Nations Cup proves taxing for top players

Reuters, Friday 3 Feb 2012

As snow and ice causes havoc with weekend soccer fixtures in Europe, players at top teams might be tempted to envy club mates supposedly sunning themselves at the African Nations Cup

Yaya Toure

Such envy is misplaced, say players at the 16-team tournament, co-hosted by Equatorial Guinea and Gabon, which is now at the quarter-final stage.

With tropical heat and near 100 percent humidity, the Nations Cup is more taxing than top-level club football and the tournament is sapping mental and physical strength, players and coaches say. 

“We have had to redouble our efforts. The premier league is technical but the Nations Cup is physical with a lot of aggression. I can move in the game in England but not here,” said African Footballer of the Year Yaya Toure in an interview this week.

“The Nations Cup is certainly not the European Championship. The temperature, the humidity, the pitches, the atmosphere, it’s a big change for the players coming from European clubs,” added the Ivory Coast midfielder, who plays in the Premier League for Manchester City.

His coach Francois Zahoui took the opportunity to rest Toure and other key players once the Ivorians had qualified for the quarter-finals.

Zahoui had earlier told his players, heavily fancied to win the cup, that they were in for a hard three-week slog if they were to win the title.

Poor organisation at the tournament can also tax patience. Teams have encountered accommodation with no running water and training facilities far from their hotels, involving bumpy bus rides.

Morocco coach Eric Gerets said extra mental fortitude was needed to succeed in the local environment.

“You don’t realise how difficult it is until you get here. The fatigue after the games is enormous and the ability to lift yourself up as a player so much more important,” he said after the surprise early elimination of his team.

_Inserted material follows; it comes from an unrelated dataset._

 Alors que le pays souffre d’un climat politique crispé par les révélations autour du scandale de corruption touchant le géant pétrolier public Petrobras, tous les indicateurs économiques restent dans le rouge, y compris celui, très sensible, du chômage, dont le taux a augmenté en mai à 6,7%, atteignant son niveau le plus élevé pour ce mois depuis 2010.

Morocco’s Mbark Boussoufa, who had not played a competitive match since the end of the last Russian season in November, said he had been surprised by the exertion required in the two matches he played. “The pace and intensity was shattering,” he told reporters.

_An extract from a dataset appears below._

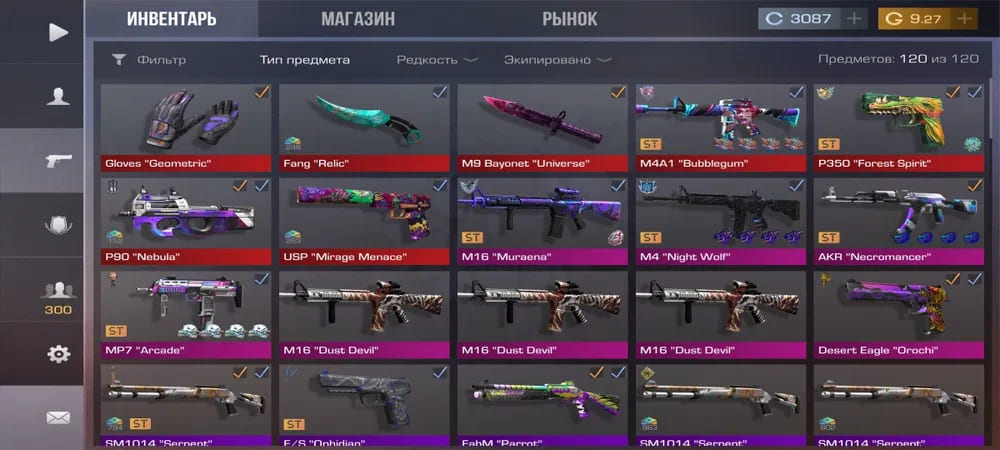 💰Голда: 9.27;🔪Ножи: 2;⭐️Редкие скины: 7

Going straight back to club football in Europe, without any break, would be difficult, added Bundesliga-based Garra Dembele of Mali. “This tournament is very hard on all the players.”

For players from lesser leagues the Nations Cup proved a step too high. “It was just too quick for us most of the time,” said Botswana’s midfield hardman Mogogi Gabonamong, who has spent a decade playing in South Africa’s professional league.

Botswana were making their debut Nations Cup finals appearance and lost all three of their games, including a record-equalling 6-1 defeat to Guinea.